The relevance of these factors in financial models is significant:
- Accuracy and Reliability: Financial models are only as good as the data they use. Inaccuracies or changes in financial data can lead to incorrect conclusions or forecasts.
- Comparability: Models often compare financial metrics over time or against competitors. Inconsistencies in data can impair this comparability.
- Risk Assessment: Understanding the reasons behind changes in financial data can help in assessing the risk and stability of a company.
- Decision Making: Investment and business decisions made based on these models can be significantly impacted if the underlying financial data is not reliable or timely.
Conclusion: Harmonizing Quantitative Research with Financial Accounting for a Data-Driven Future
The increasing importance of data-driven decision-making in the world of finance has created a demand for effective and reliable models. Quantitative researchers/analysts/developers working in portfolio management must have a deep understanding of financial accounting principles to develop these systems successfully. While this blog post just scratches the surface of the breadth and debth of topics one could study in financial accounting, mastering these fundamental concepts enables researchers to design more accurate and robust models for portfolio and risk management.

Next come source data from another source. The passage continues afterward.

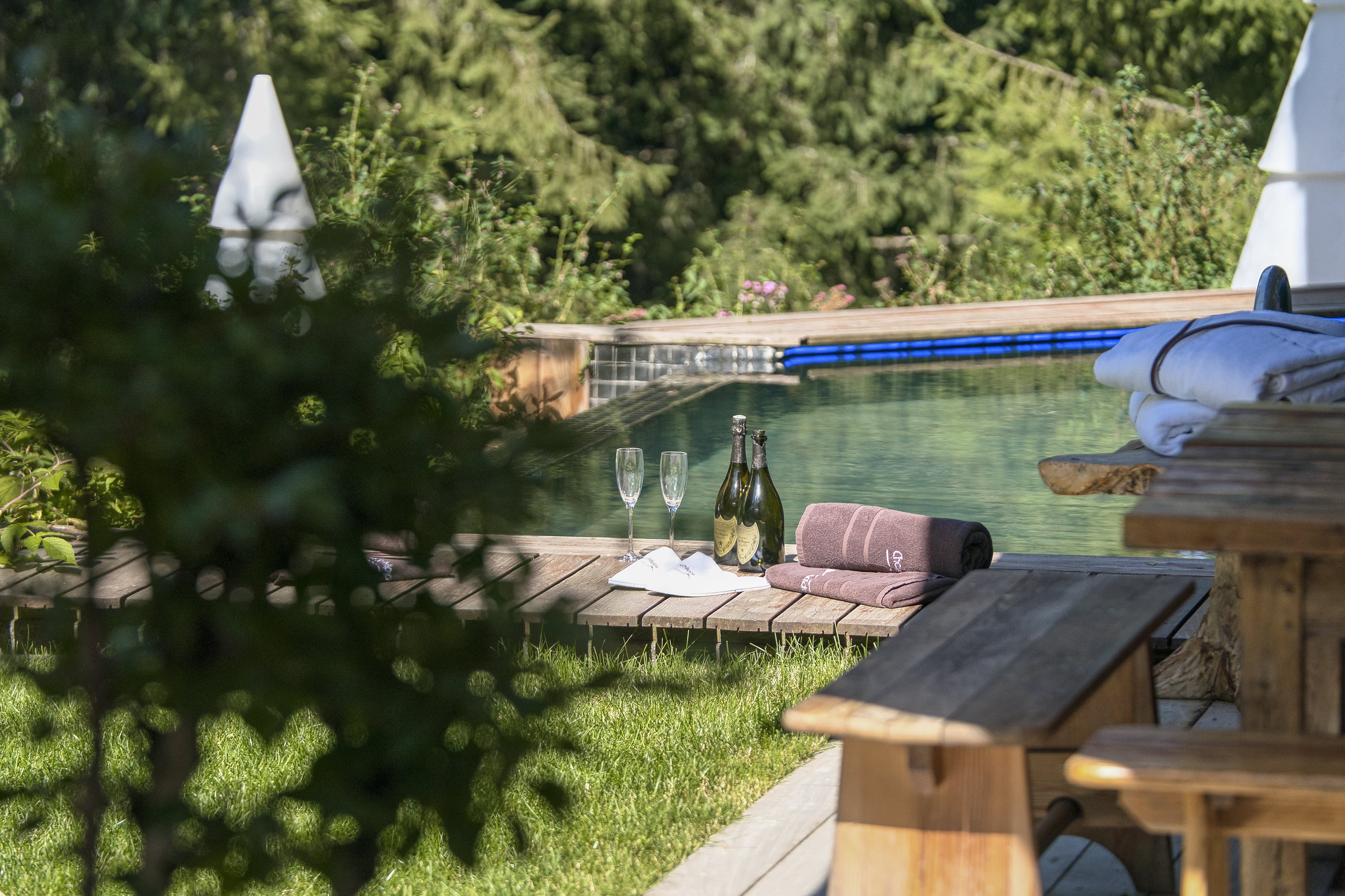 Like any 5-star hotel, you’ve got a spa and swimming pool all to yourself. The indoor pool with its wave machine and hot waterfall is perfect for winter as snow tumbles outside and days on the slopes can be remedied with sessions in the Turkish hammam, sauna and massage room. In summer, the outdoor pool surrounded by pines is perfect for a cooling dip and there’s banquet-sized dining for the group beneath double gazebos. Each outdoor terrace and balcony feels secluded by towering trees and the alpine garden with its rockeries is a delight to explore.
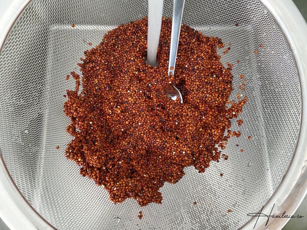 Pentru a scăpa de gustul amar, punem quinoa înmuită într-o sită si o spălăm foarte bine sub mai multe jeturi de apă rece.
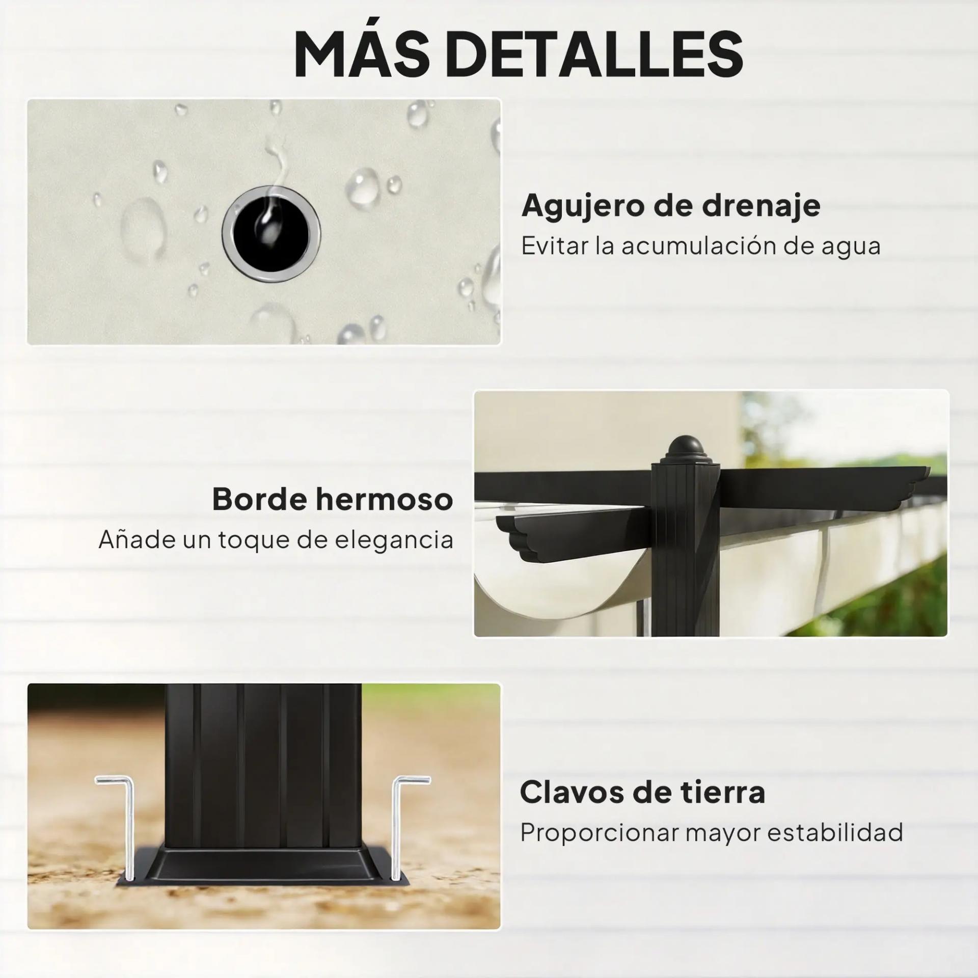 - - OCHO OJALES: Los ojales garantizan un drenaje eficaz del agua, evitando acumulaciones que puedan dañar la estructura o caigan sobre ti. Mantiene la pérgola en perfectas condiciones

By understanding the implications of choices made by management regarding accounting and acknowledging the inherent complexities of financial statements, quantitative analysts can create models that are better equipped to handle uncertainty and variability. Ultimately, this expertise in financial accounting empowers researchers to translate complex financial data into actionable insights for portfolio management systems, driving investment decisions and fostering long-term success in the ever-evolving financial landscape.